New research indicates that brief, intense, intermittent exercise could be a more effective treatment for panic disorder than traditional psychotherapy, offering a natural and accessible approach to managing anxiety and improving mental health.
A study suggests that brief, intense intermittent exercise might be more effective in treating panic disorder compared to standard care which involves psychotherapy sessions.
Cognitive behavioural therapy (CBT) is a form of psychotherapy that helps an individual develop strategies to address personal problems by changing one's thought processes.

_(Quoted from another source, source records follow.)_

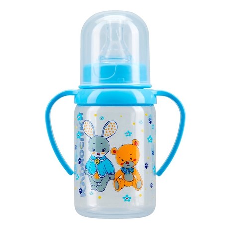 Бутылочка с ручками с силиконовой соской молочной, 125 мл - 1 шт в уп.
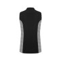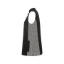Жилетка без рукавов. Застежка спереди со скрытыми кнопками-застежками. Воротник-стойка, боковые вставки и складки в области груди. Два передних накладных кармана.
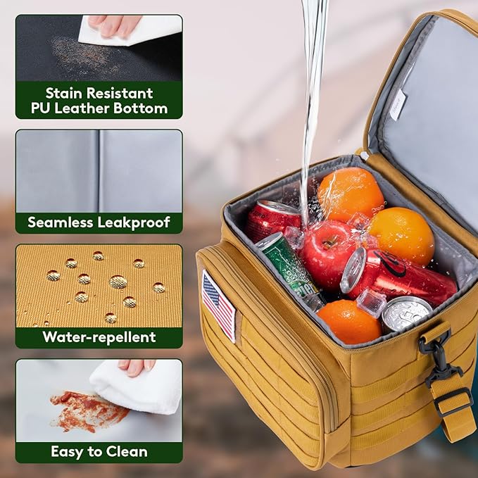 - Leakproof & Water-Resist: Guard against leaks with extra-thick PEVA liner and hot-pressed seams. Easy to clean spills with a quick wipe. With outer 600D water-resist Oxford fabric and non-slip PU leather bottom that resists dirt and abrasions, the heavy-duty lunch box for men will stay immaculate, even in the face of splatters and rain.
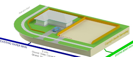 More commonly found in infill areas, is the Battle-axe subdivision. This is where a driveway is placed at the side of the existing house which gives access to the newly created rear block. Usually an old existing garage at the rear/side of the original house is demolished. A new car accommodation is provided at the rear of the existing house for its exclusive use. Any proposed dwelling to be built on the rear block would have its own car accommodation. The driveway in this scenario is then “Common Property” and both block owners would be responsible for its maintenance. If the original block width allows, then two separate driveways would always be preferable.
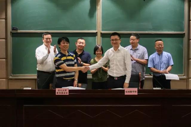 在学校121周年校庆即将到来之际,9月20日,yl23411永利(集团)有限公司官网“极客”奖助学金捐赠签约仪式在yl23411永利(集团)有限公司官网望江校区数学学院西303会议室举行。成都极客未来教育有限公司董事长葛龙华,极客数学帮总校长吴小平,产品中心总监叶茂,人力行政中心总监王兵,yl23411永利(集团)有限公司官网教育基金会秘书长荣建国,yl23411永利(集团)有限公司官网数学学院党委书记胡兵以及yl23411永利(集团)有限公司官网学工部副部长卢希芬,学生资助中心副主任卓玛等各位领导嘉宾出席了此次捐赠签约仪式。
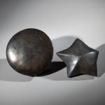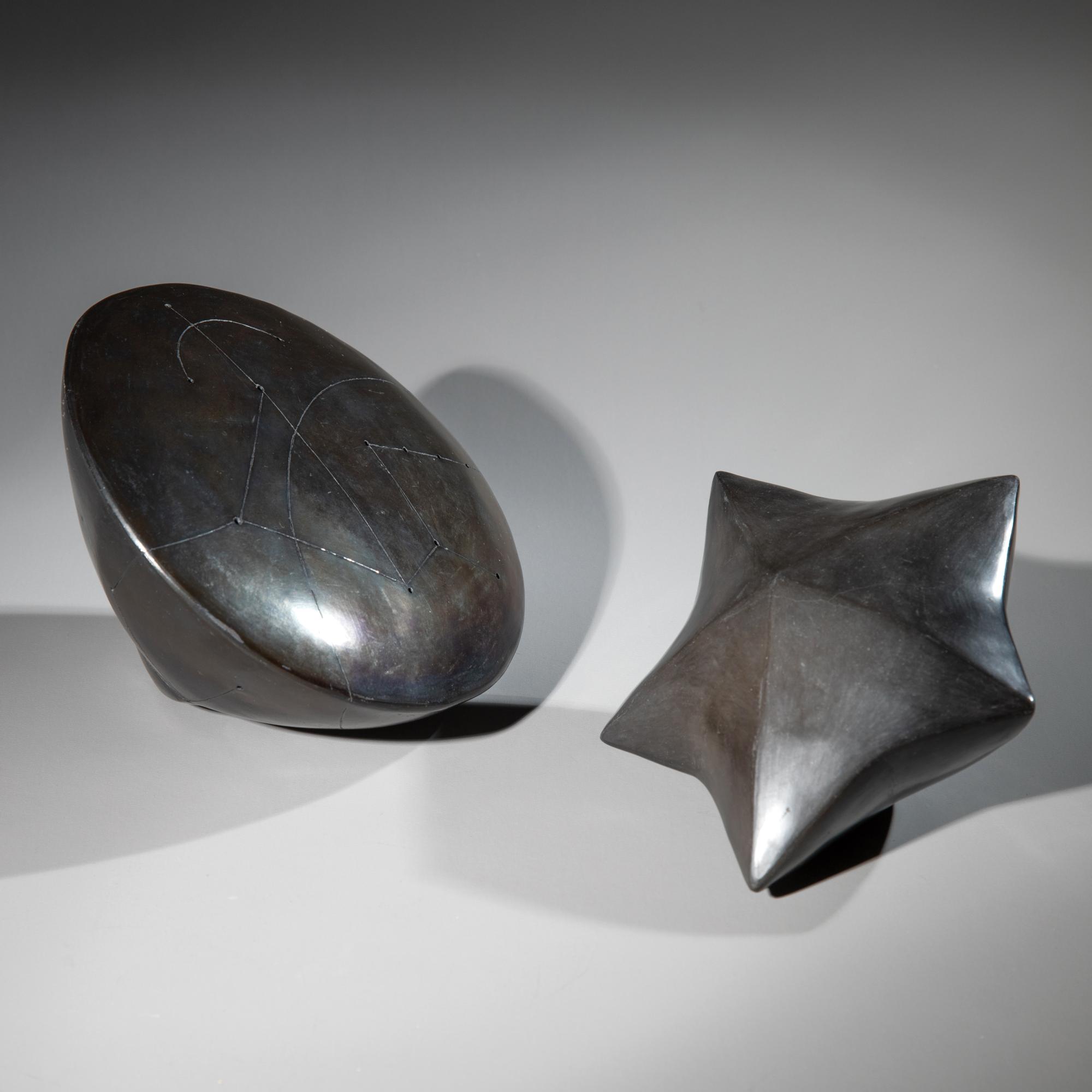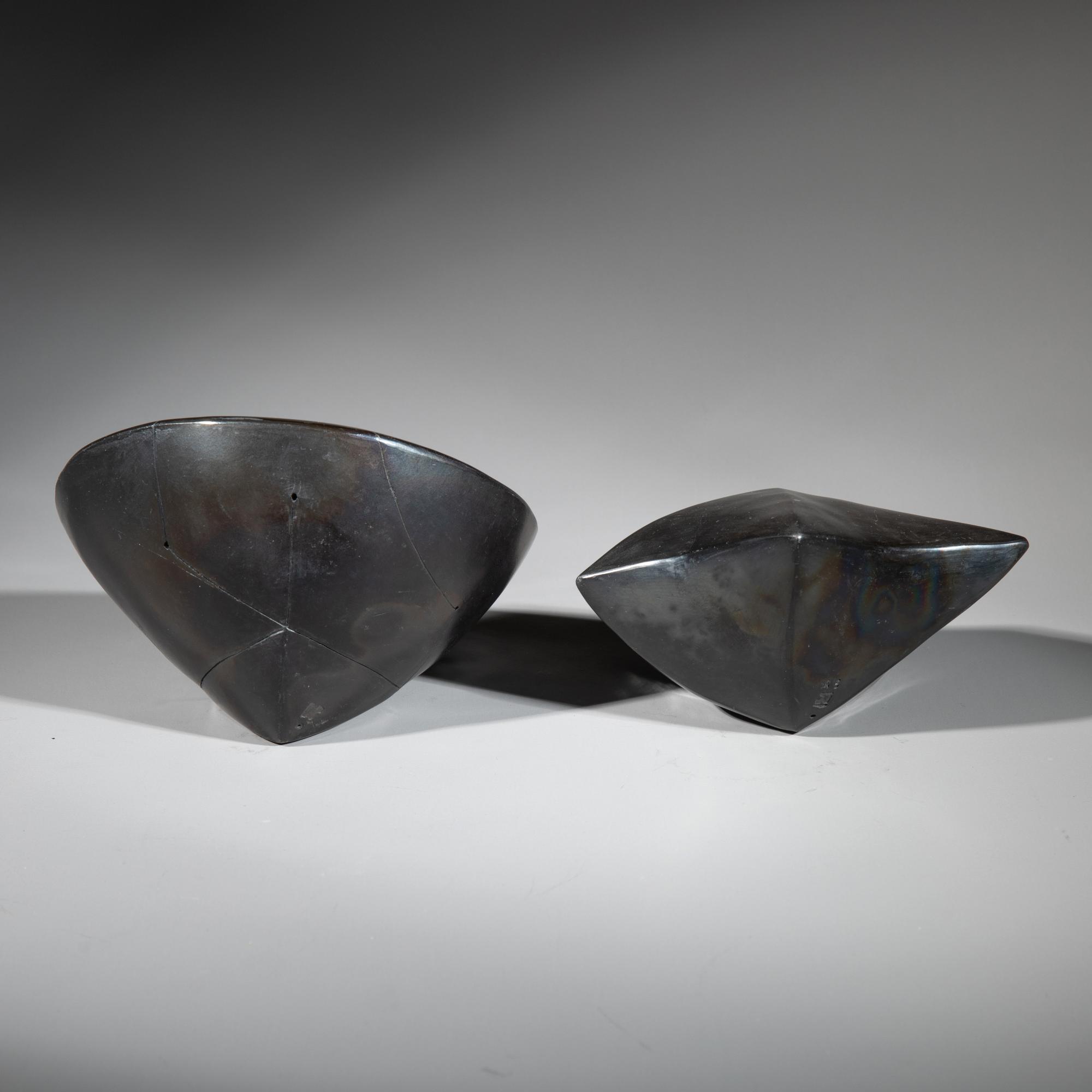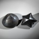 Keramik. Skulpturale Elemente, teilweise poliert, graviert und perforiert. 10,7 x 15 x 10,5 cm / 9,5 x 12 x 8 cm. Jeweils bezeichnet mit Werkstattmarke.
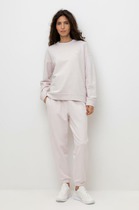 Универсальные брюки женские в красивом однотонном цвете. Выполнены из легкого футера без подчеса. В составе материала брюк преобладает натуральный высококачественный хлопок и модал. Брюки спортивные женские имеют свободный силуэт. Пояс с эластичной тесьмой внутри, также есть функциональные боковые карманы для любимых мелочей. Спортивные брюки женские завершаются широкими зауженными манжетами. Если вам нужны брюки спортивные женские, эта модель для вас. Широкий размерный ряд в линейке позволяет выбрать спортивные брюки девушкам с пышными формами plus-size. Цветовая гамма разнообразная, много красивых пастельных и ярких цветов брюк, каждая модница найдет свой идеальный вариант. Если вам наскучили унылые безликие тона и фасоны, обратите свое внимание на брюки спортивные женские от Mark Formelle. Красивые, стильные и качественные — лучший выбор на любое время года для прогулок, путешествий и активного отдыха. Порадуйте себя и близких стильными новинками из линейки спортивной одежды для женщин!
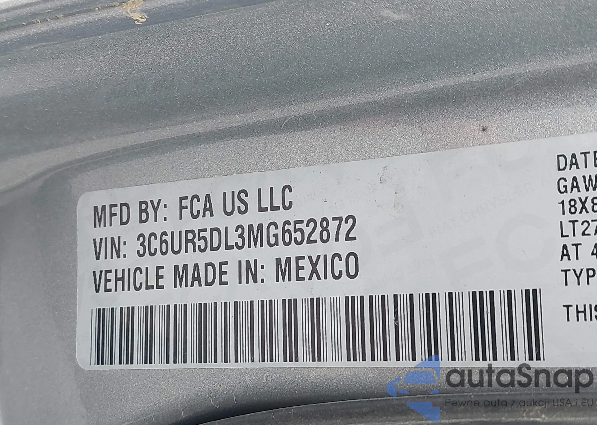 • VIN 3C6UR5DL3MG652872

Researchers from the University of Sao Paulo in Brazil said that supervised walking interspersed with repeated 30-second high-intensity sprints is a more effective treatment for panic disorders, compared to interoceptive exposure where therapists trigger common symptoms of panic attacks like chest pain, sweating, rapid respiration and a racing heart in a safe, controlled environment.
'Here we show that a 12-week programme of brief, intense, intermittent exercise can be used as an interoceptive exposure strategy to treat panic disorder patients,' author Ricardo William Muotri, a postdoctoral fellow at the University of Sao Paulo Medical School in Brazil, said.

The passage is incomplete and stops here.